### Data excerpt

------------

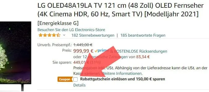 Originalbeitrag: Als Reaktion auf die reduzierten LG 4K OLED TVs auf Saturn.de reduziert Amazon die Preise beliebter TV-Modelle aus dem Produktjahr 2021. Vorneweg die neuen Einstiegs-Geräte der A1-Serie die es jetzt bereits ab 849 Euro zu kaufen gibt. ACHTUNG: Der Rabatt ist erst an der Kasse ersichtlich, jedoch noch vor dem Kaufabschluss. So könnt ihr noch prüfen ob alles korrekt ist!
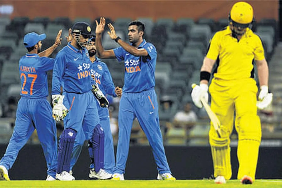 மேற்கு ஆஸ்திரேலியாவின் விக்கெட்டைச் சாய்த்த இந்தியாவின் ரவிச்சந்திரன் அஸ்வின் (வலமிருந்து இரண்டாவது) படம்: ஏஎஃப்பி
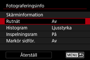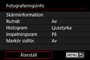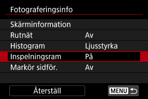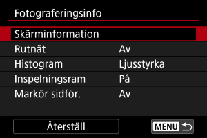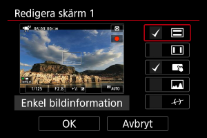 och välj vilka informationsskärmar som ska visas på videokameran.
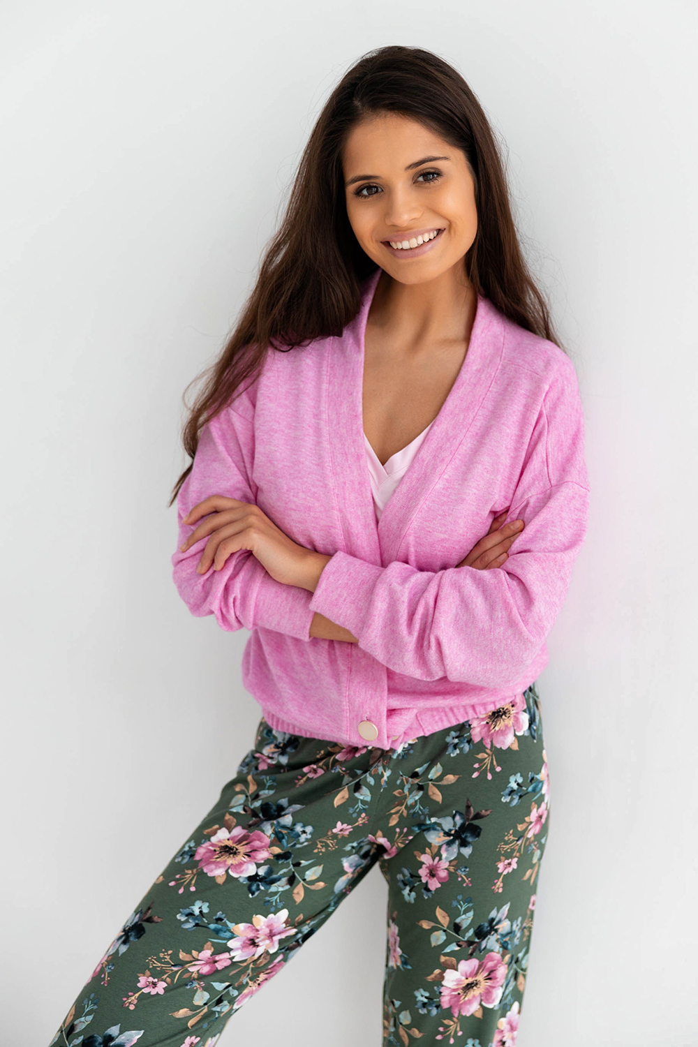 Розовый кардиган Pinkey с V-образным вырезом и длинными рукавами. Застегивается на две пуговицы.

------------

### Task to complete
When you copy the data above, reproduce each line exactly and skip every image.

### Answer for the task
 Originalbeitrag: Als Reaktion auf die reduzierten LG 4K OLED TVs auf Saturn.de reduziert Amazon die Preise beliebter TV-Modelle aus dem Produktjahr 2021. Vorneweg die neuen Einstiegs-Geräte der A1-Serie die es jetzt bereits ab 849 Euro zu kaufen gibt. ACHTUNG: Der Rabatt ist erst an der Kasse ersichtlich, jedoch noch vor dem Kaufabschluss. So könnt ihr noch prüfen ob alles korrekt ist!
 மேற்கு ஆஸ்திரேலியாவின் விக்கெட்டைச் சாய்த்த இந்தியாவின் ரவிச்சந்திரன் அஸ்வின் (வலமிருந்து இரண்டாவது) படம்: ஏஎஃப்பி
 och välj vilka informationsskärmar som ska visas på videokameran.
 Розовый кардиган Pinkey с V-образным вырезом и длинными рукавами. Застегивается на две пуговицы.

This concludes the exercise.